Below are some entries. Transcribe the lines from the one holding "Список задолженностей в" to the one holding "Mushroomsupplies.com Est. 2021", inclusive, but not the pictures among them.

> Data excerpts:
□ □ □ □

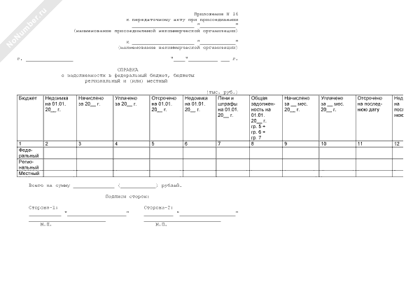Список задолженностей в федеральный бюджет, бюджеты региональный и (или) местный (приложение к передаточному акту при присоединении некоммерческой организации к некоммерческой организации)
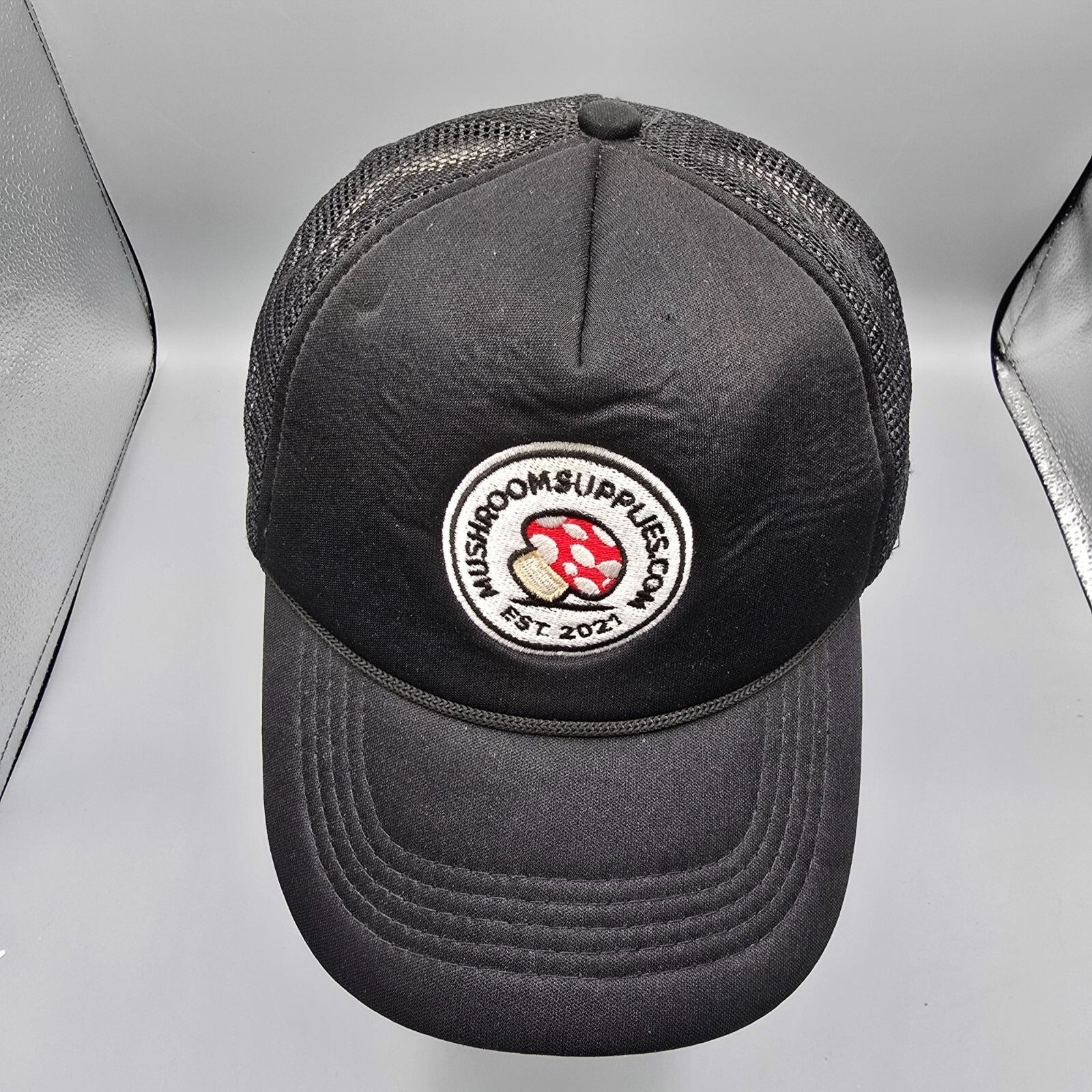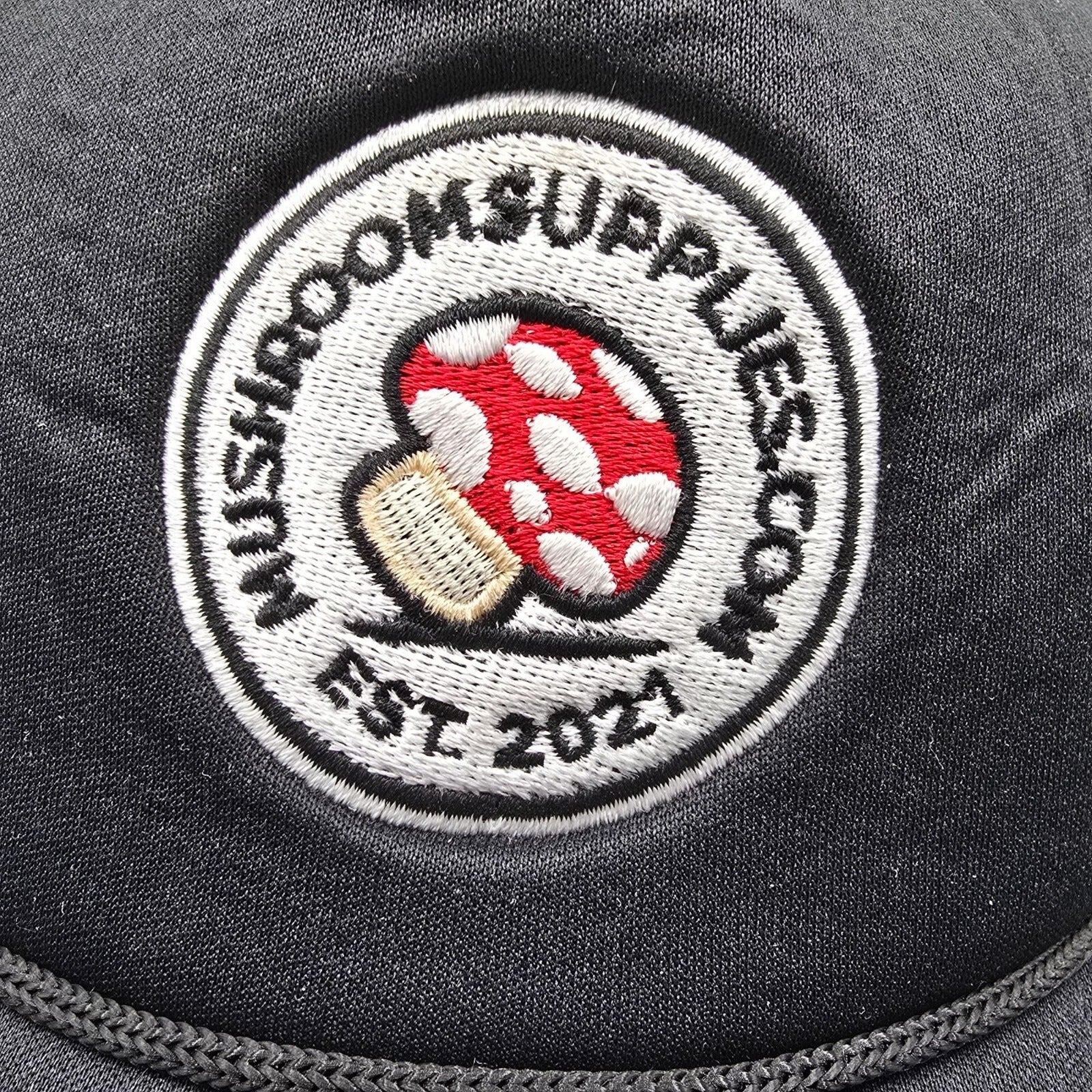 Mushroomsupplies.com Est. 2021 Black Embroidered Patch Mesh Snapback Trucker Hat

□ □ □ □

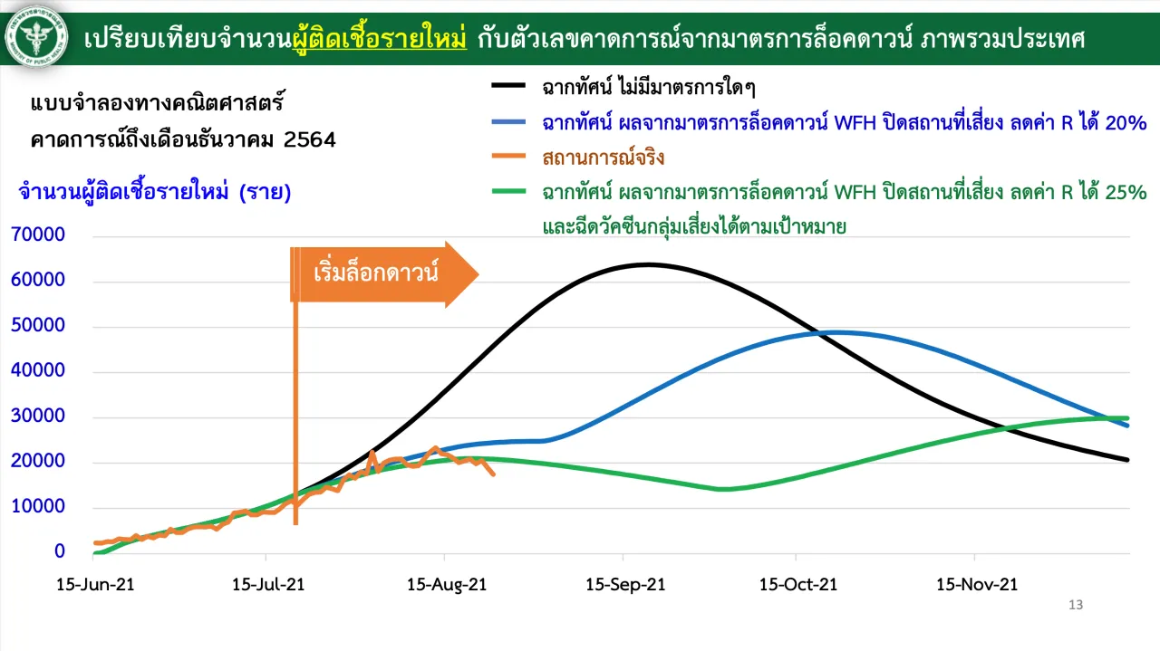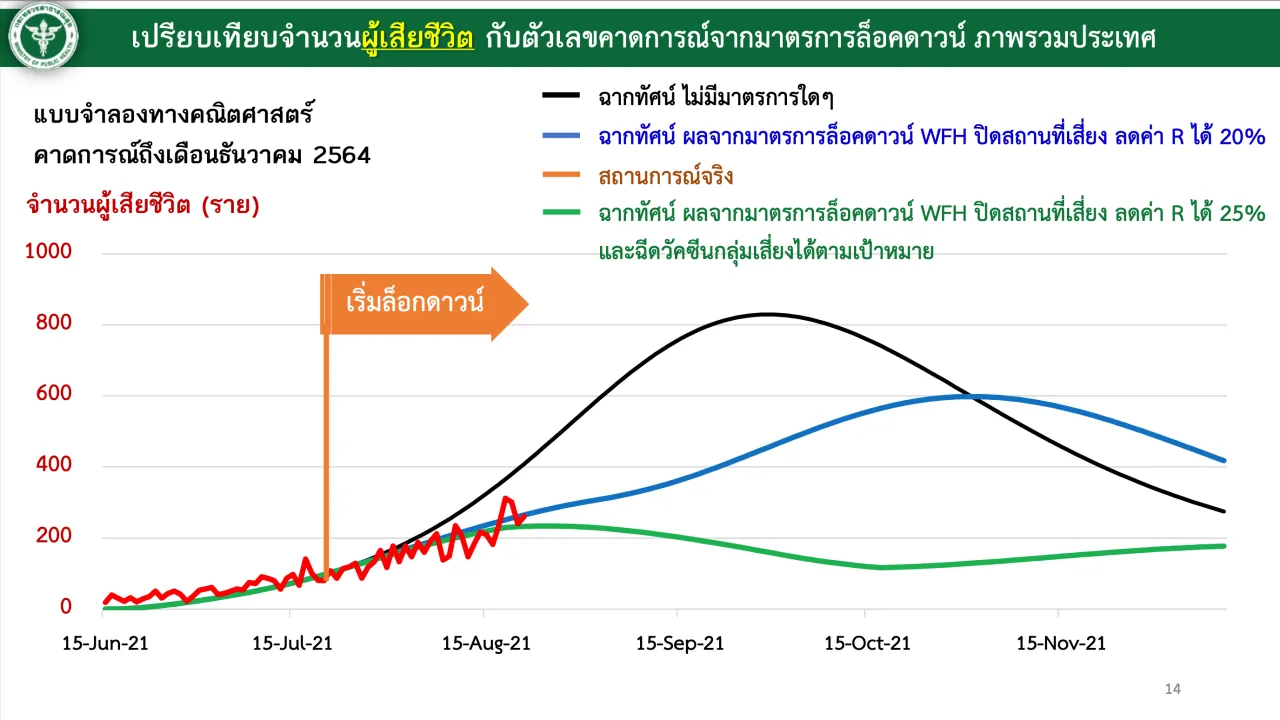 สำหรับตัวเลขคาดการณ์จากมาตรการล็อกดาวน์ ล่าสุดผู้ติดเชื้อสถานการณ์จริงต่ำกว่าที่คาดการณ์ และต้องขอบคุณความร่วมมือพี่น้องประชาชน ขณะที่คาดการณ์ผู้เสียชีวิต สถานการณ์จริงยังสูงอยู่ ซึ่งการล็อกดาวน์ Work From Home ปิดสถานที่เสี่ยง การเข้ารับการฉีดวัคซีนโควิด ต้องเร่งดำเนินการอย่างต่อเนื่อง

□ □ □ □

> Solution:
Список задолженностей в федеральный бюджет, бюджеты региональный и (или) местный (приложение к передаточному акту при присоединении некоммерческой организации к некоммерческой организации)
 Mushroomsupplies.com Est. 2021 Black Embroidered Patch Mesh Snapback Trucker Hat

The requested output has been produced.